The first one is performance, join operations are time consuming, write operations involves lock, another performance bottleneck.

When performance goes down, the solution is scale up or scale out. Scale up will get performance hit again as the business grows. Finally, scale out will be the only solution. If you ever worked with serious relational database scale, you'll know it is quite a challenge, if not impossible.

The third problem is fixed schema, if you want to add some extra fields for some rows, you need to add these columns for each row. For the application which usually designed in OOP way, interact with relational model involves some kind of Object Relation Mapping(ORM).

NoSQL is a response for those problems with relational databases.

Google played a very important role in NoSQl movement by publishing the papers about the design of its infrastructure.

  • The Google File System
  • MapReduce: Simplified Data Processing on Large Clusters
  • Bigtable: A Distributed Storage System for Structured Data

Now we will see some NoSQL genres and related project.

Key value database: memcache, Redis

Key value database store data as key value pair, data is queried by its key.
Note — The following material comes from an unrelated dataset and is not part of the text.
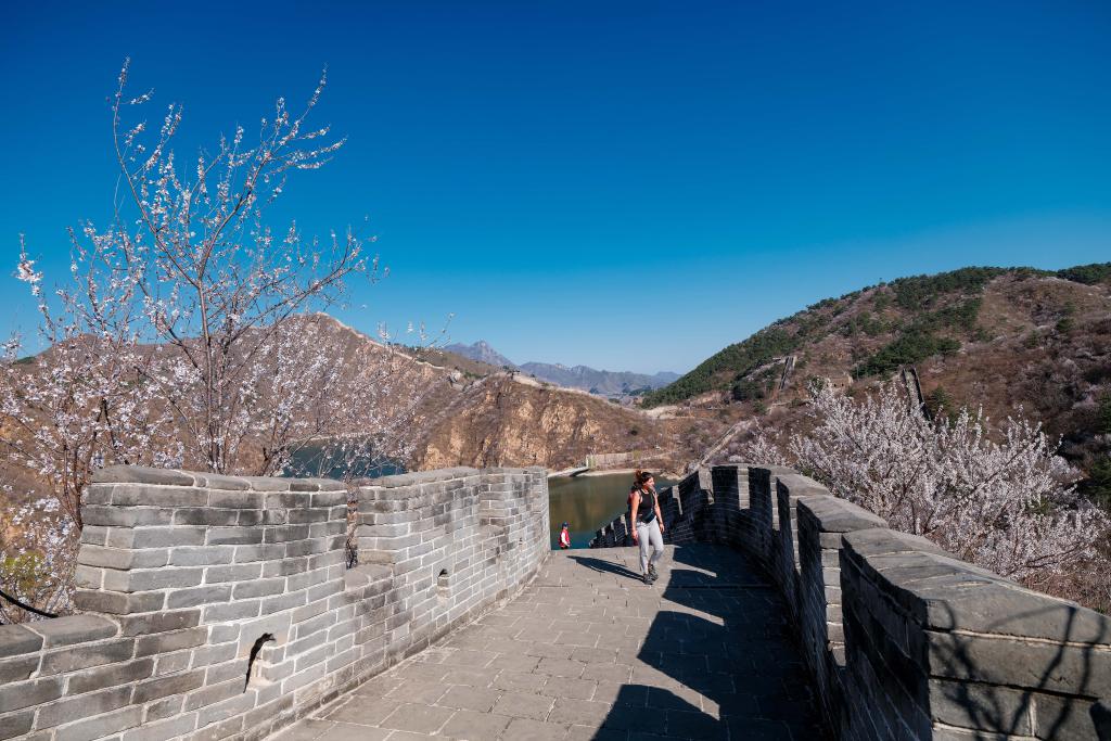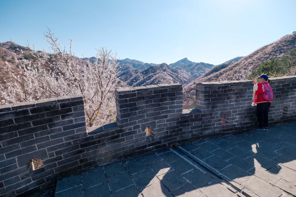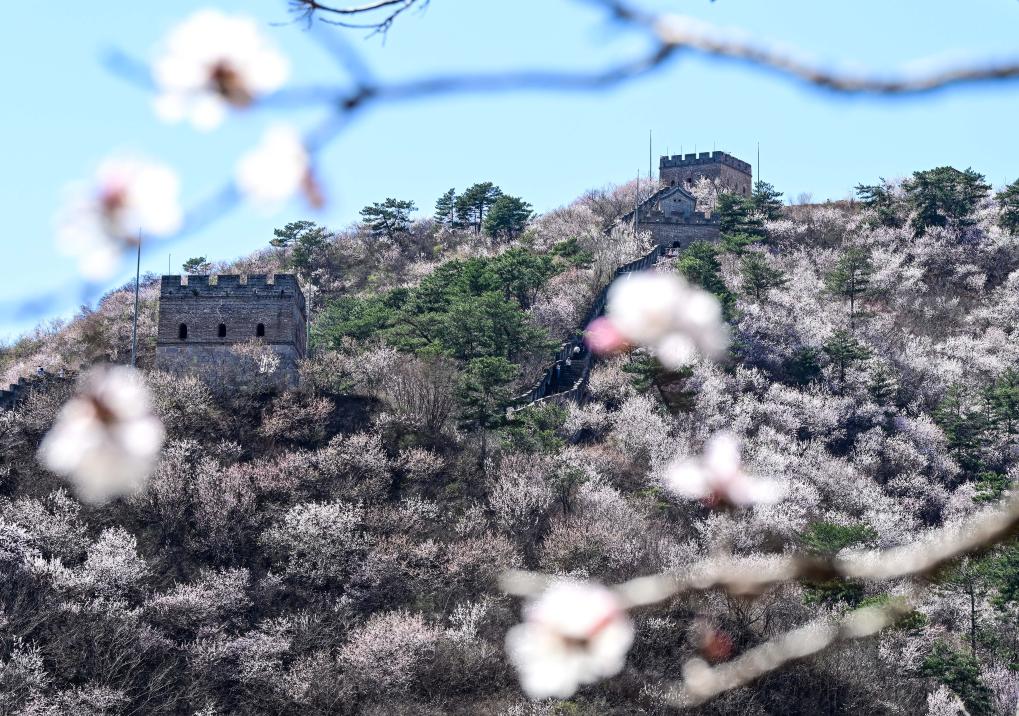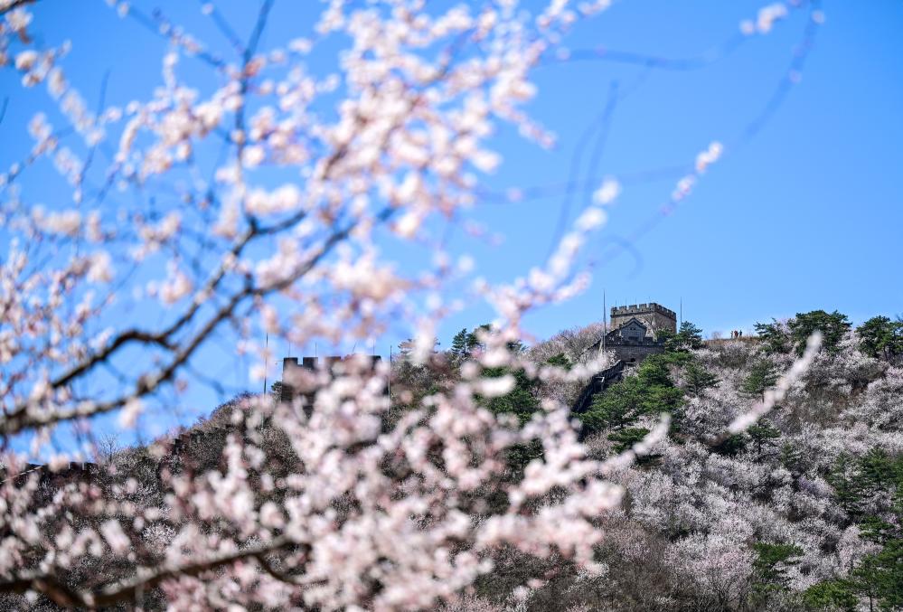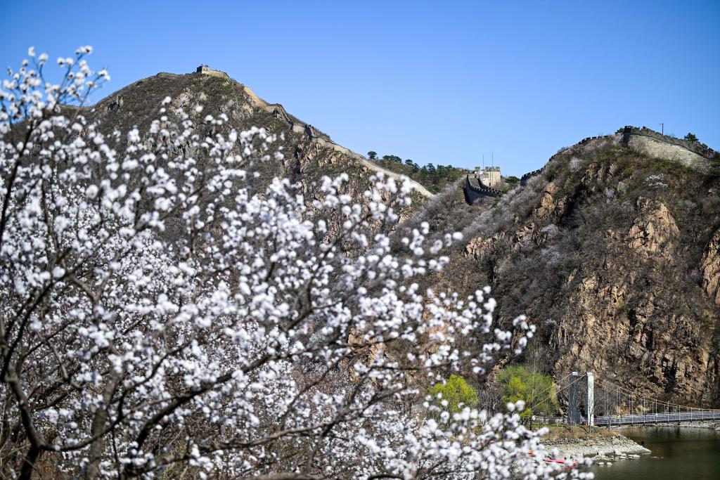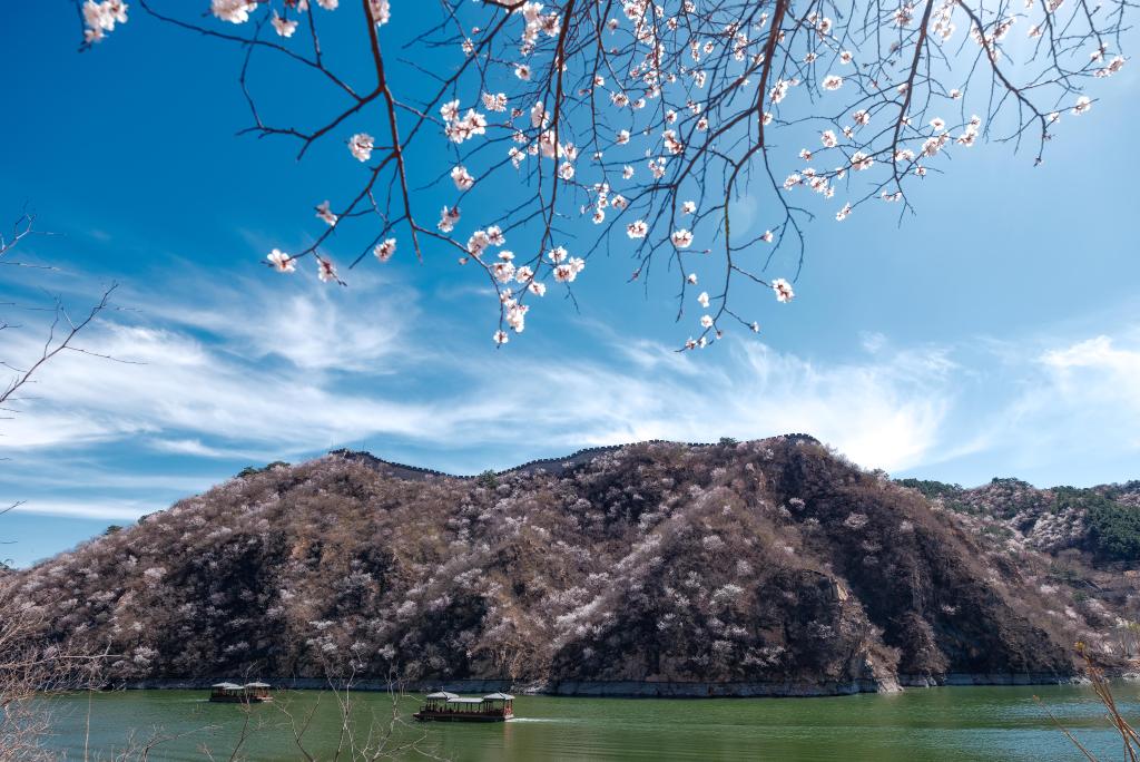 【新華社北京4月3日】中国北京市懐柔区にある黄花城水長城では、湖と一体となった長城の景観に山花が彩りを添え、春の風景が広がっている。

Using some kind of hash function, key value database provide good performance.

Key value databases usually used as cache service, from basic key value cache to support advanced data structure.
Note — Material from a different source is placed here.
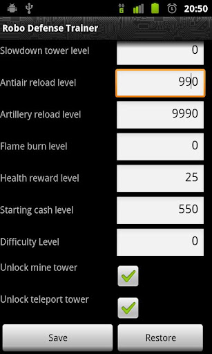 This is the most extensive trainer / cheater for the magnificent Robo Defense game. Both for the old versions and for the new HD version Robo Defense 2.0!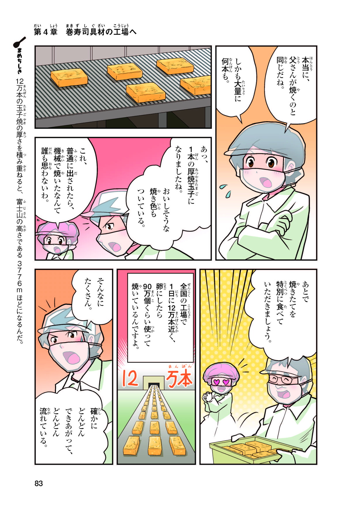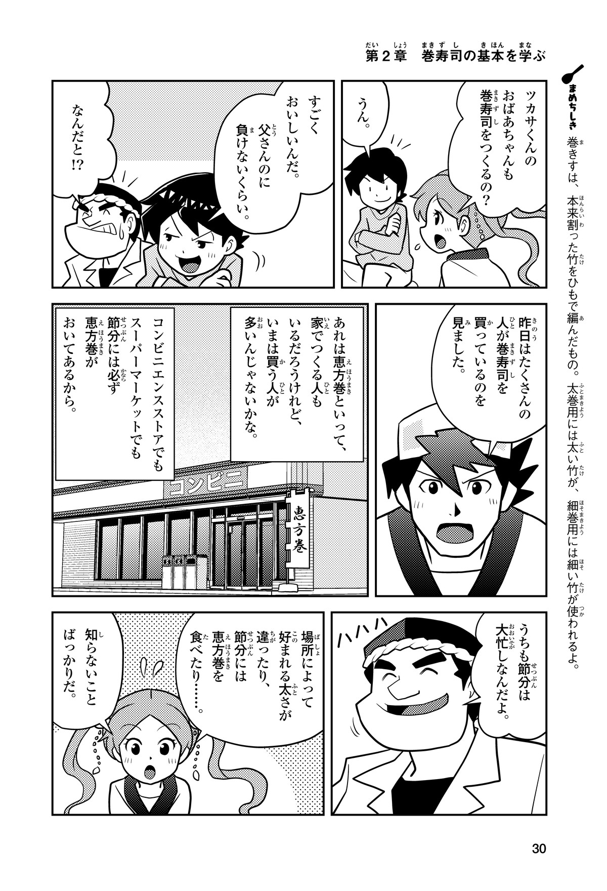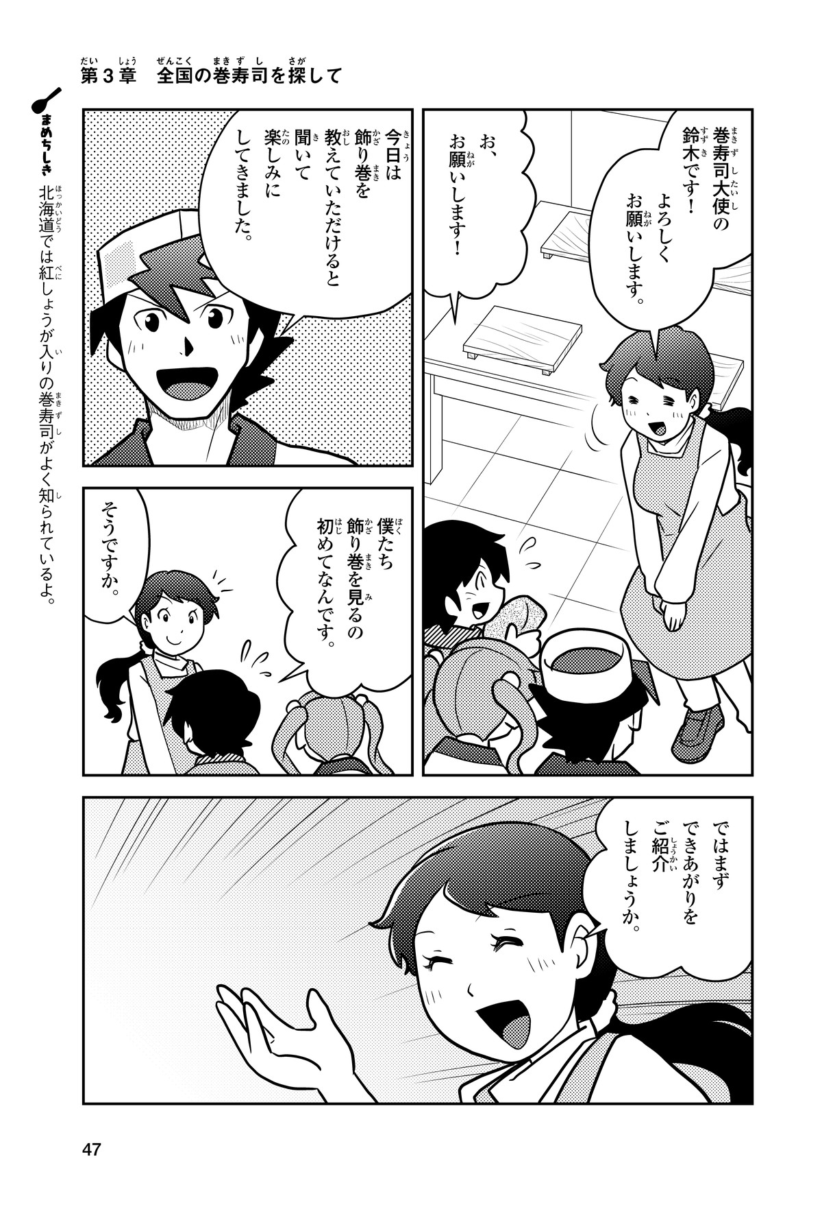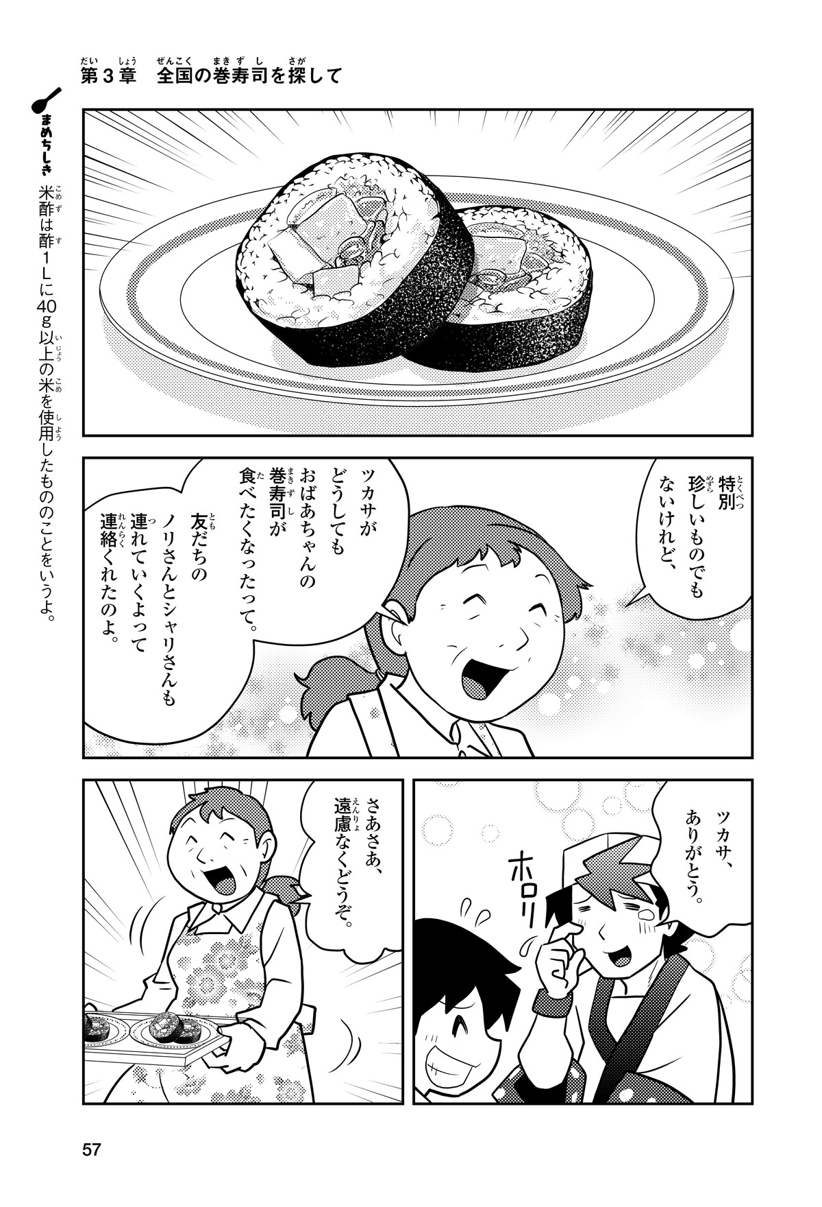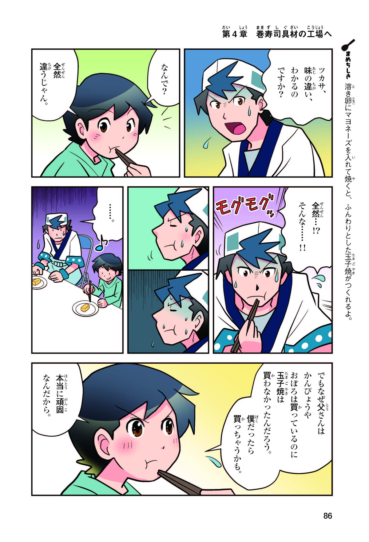 ツカサとマキは小学5年生。ツカサの家はお寿司屋さんをやっているよ。ある日、ふたりが下校していると、中国から巻寿司(まきずし)作りの修業(しゅぎょう)のためにやってきたリ・ノリとリ・シャリの兄妹(きょうだい)に遭遇(そうぐう)! ノリとシャリの兄妹が修業先を探して困っているのを見かねたツカサは、お寿司屋さんの大将をやっているお父さんに、ふたりに修業をつけてくれるようにお願いするよ。さっそくお父さんか巻寿司の歴史や、巻寿司作りの基本を教わったツカサ、マキ、ノリ、シャリの4人は、日本各地の個性(こせい)ある巻寿司をたずねたり、巻寿司の具材(ぐざい)の工場を見学しに行ったりと、本格的な巻寿司作りの修業をスタート! おいしい巻寿司作りのひみつをみつけていくよ!

Document database: MongoDB

Data is stored as document, a document has a JSON like format, easy for application code manipulation.

Document databases supports SQL like queries, ready for scale out. One of the most popular document now should be MongoDB.

Graph database:Neo4j

Graph database save data as node and the relationship between those nodes. Some kind of data like social graph data , internet hyper link relationship.

Column oriented database: BigTable

Column oriented database save data by its column, data within the same column saved together just like row oriented database save data by its row .

Column oriented database also has keys and values, the key consist of the row id and column id, the value is the cell in the table.